There have been some deaths that have had an impact on me over the last few years. My mum, my uncle, his wife and their daughter, and my brother-in-law.  And Sean.

I first met Sean when I had been qualified for but a few years, in the early nineties, and was working as a staff nurse on a locked ward in a large hospital, where it felt like we played darts, table tennis and football for much of the day, and tried to keep control of the ward for the rest.

I don't honestly remember where Sean was admitted from, and don't feel inclined to find out, because that's not the point. I have a few strong memories of him: he was young, wirey and fit, with a head of shaggy black hair. He could climb a drainpipe as if gravity hadn't been invented, and persuading him to come down from the roof of the Victorian institution was not an unheard of event. On one occasion he came down (in his own time, as was always the case) on the 'wrong side'; the side where the rest of society lived. Luckily for society I was there, waiting; recently trained in Control & Restraint (C&R - look it up in the history books), and ready to fulfil my responsibilities under the Mental Health Act (Section 138).

The tussle began as might have been predicted, but quickly took an unexpected turn. Sean started to cry. They hadn't covered this on the C&R course. If Sean had put me in a neck lock, I was prepared. But crying? This was a new one.
Being a conscientious mental health nurse removed many options, but a sense of humanity seemed to leave me with one solution. It was obvious. I hugged him. I hugged; he cried; support finally arrived, and we returned to the ward.

A less clear memory of Sean occurred when he was found cutting his forearm in his bed space, and we intervened.
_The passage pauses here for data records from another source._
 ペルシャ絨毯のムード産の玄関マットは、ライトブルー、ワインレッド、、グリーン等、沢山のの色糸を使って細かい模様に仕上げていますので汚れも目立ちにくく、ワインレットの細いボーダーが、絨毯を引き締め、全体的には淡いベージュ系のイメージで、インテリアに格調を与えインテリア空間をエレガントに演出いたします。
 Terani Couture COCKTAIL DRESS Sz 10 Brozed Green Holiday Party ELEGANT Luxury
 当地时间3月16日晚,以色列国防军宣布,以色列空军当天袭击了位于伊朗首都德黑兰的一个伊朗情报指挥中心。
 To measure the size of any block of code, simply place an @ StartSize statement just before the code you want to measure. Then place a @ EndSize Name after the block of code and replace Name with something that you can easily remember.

The scenario unfolded safely enough, but, afterwards, a colleague informed me that I had been cut, pointing to the wounds on my arms. It quickly transpired that the sweat and the duration of the restraint had resulted in some of Sean's scabs transferring themselves from his arms to mine.
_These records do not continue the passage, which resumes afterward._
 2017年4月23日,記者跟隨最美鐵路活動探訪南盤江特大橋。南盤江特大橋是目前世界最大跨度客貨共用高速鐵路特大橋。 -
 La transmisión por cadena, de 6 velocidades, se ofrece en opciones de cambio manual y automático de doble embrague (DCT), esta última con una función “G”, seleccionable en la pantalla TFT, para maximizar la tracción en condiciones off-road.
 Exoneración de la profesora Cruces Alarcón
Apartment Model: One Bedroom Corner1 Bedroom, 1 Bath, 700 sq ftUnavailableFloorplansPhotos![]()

Fast forward about 15 years. Our careers had separated. Sean has spent time in a high secure hospital, and I have been a charge nurse in a medium secure service for some years. Sean is making good progress and has an identified discharge pathway, it could be a couple of years, but things are looking good. I have been charged with managing our service's new Long Term Medium Secure Service, and Sean has agreed to advise on the admission process from a patient's point of view. His advice is succinct; "Tell 'em how it is straight; don't mess them about; as long as they know the score, they'll be okay." And so it proved to be. Sean the service use expert.

A few more years and Sean had been discharged. A flat, a job, a girlfriend. An unexpected illness and a tragically early death. After all his hard work, Sean hadn't had the time to enjoy the fruits of his very hard labour.
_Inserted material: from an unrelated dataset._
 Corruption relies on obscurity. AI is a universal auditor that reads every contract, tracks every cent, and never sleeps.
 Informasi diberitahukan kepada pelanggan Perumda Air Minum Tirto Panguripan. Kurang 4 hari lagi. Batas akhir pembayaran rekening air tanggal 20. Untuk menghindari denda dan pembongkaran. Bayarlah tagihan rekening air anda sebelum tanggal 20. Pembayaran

The patients, staff, family and friends who attended his funeral felt a deep and genuine sense of loss. That included me, and it also made me begin to wonder about the way in which being a forensic mental health nurse can affect us, and how (if, indeed, we do) we manage to remain personally balanced and undamaged by the work we undertake. Human.

We feel the impact on us of the acts of others. I wonder if we understand that we, too, can leave an impact on them.